__Work required__:
Word for word, copy the entire listing below, but do not carry over any pictures.

__Given data__:
# # # # # # #

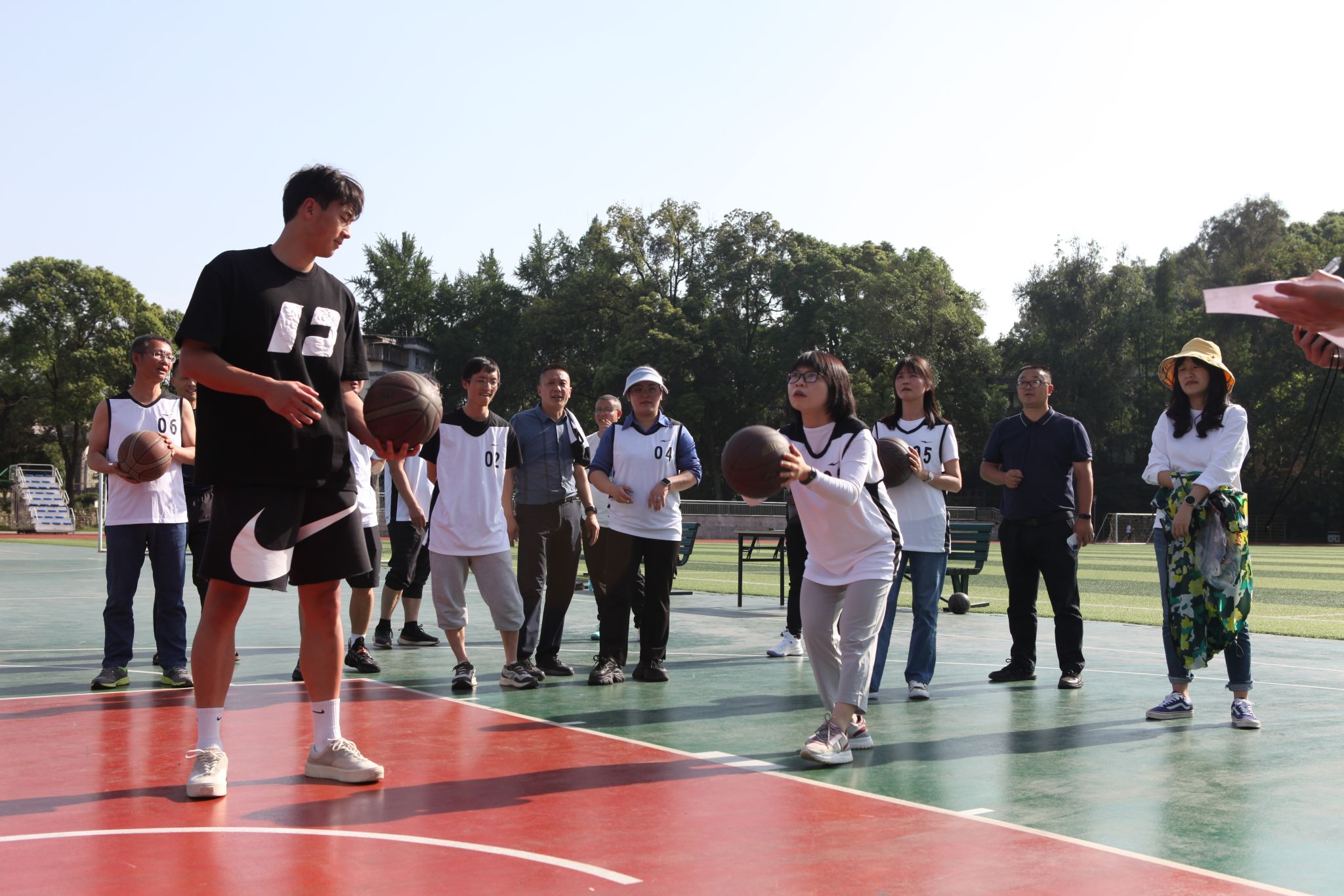 5月13日、5月14日,“喜迎新中国成立75周年”教职工篮球赛投篮比赛、“3+1+1”混合篮球比赛分别在三个校区同时开赛。
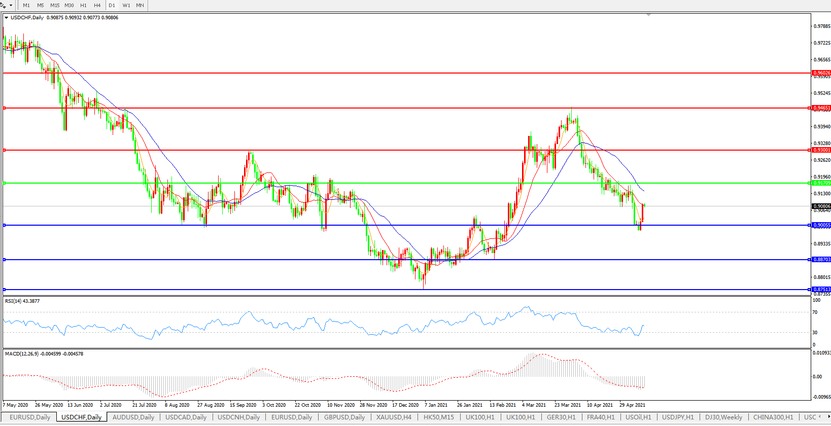 美元兑瑞郎USDCHF    日线图:
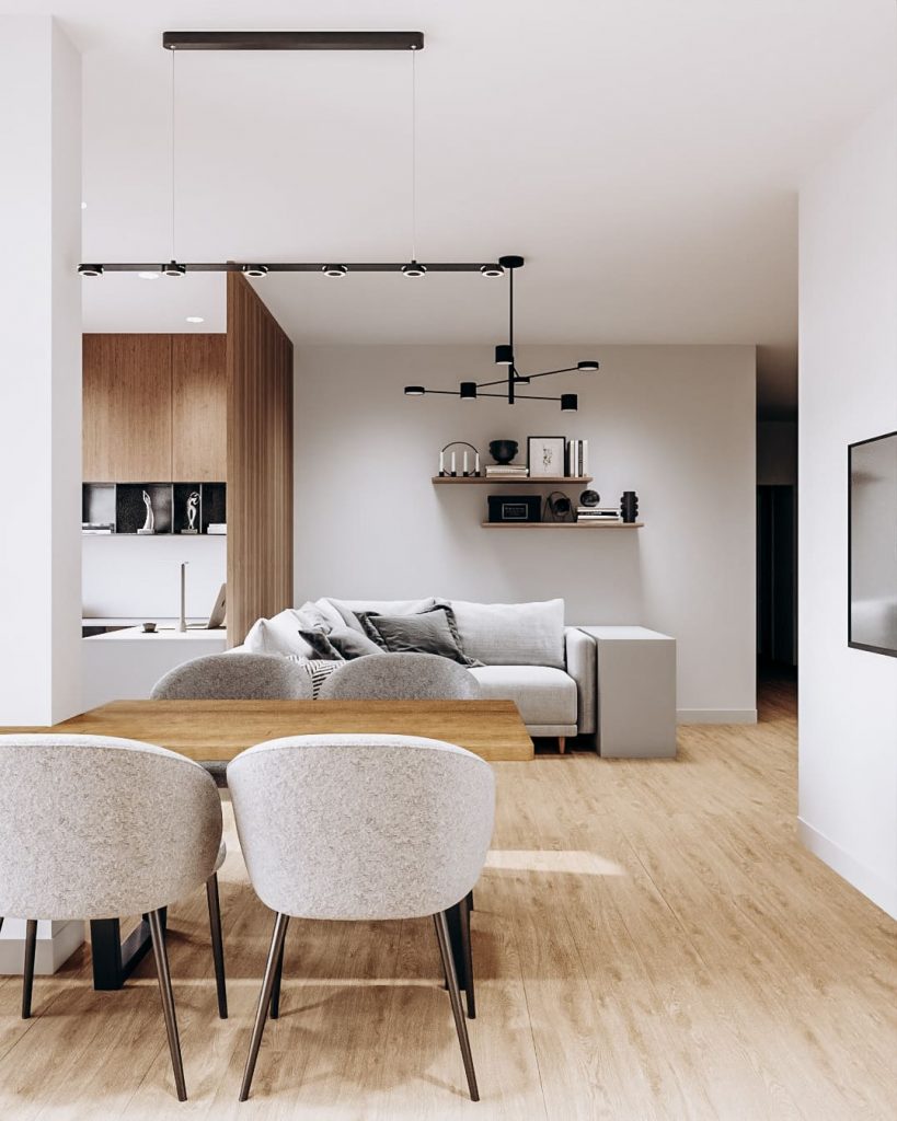 Обеденная зона объединена с гостиной. Деревянный стол и мягкие серые кресла создают уютную атмосферу для вечерних посиделок. За спинкой дивана — встроенное хранение: функциональное решение, появившееся благодаря сложной планировке.
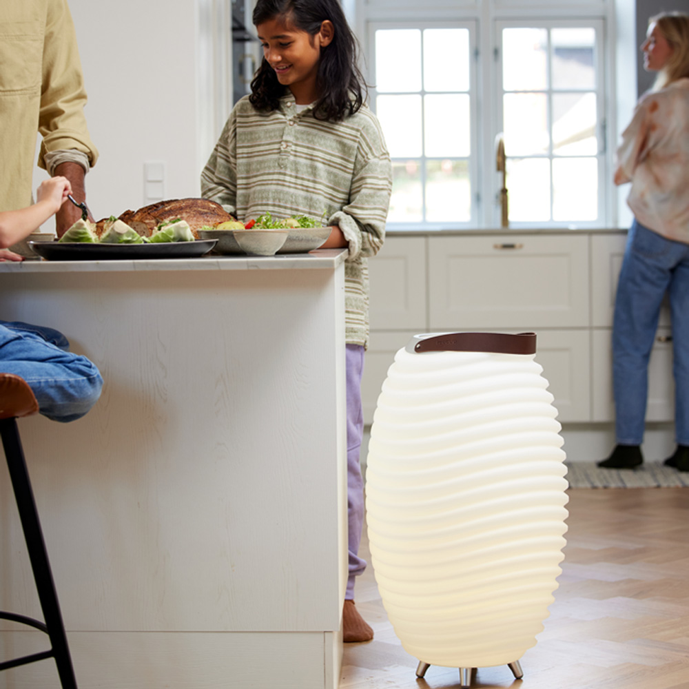 Matin, midi, soir... qu'il fasse beau ou gris, la lampe enceinte Synergy

# # # # # # #

__Exercise answer__:
 5月13日、5月14日,“喜迎新中国成立75周年”教职工篮球赛投篮比赛、“3+1+1”混合篮球比赛分别在三个校区同时开赛。
 美元兑瑞郎USDCHF    日线图:
 Обеденная зона объединена с гостиной. Деревянный стол и мягкие серые кресла создают уютную атмосферу для вечерних посиделок. За спинкой дивана — встроенное хранение: функциональное решение, появившееся благодаря сложной планировке.
 Matin, midi, soir... qu'il fasse beau ou gris, la lampe enceinte Synergy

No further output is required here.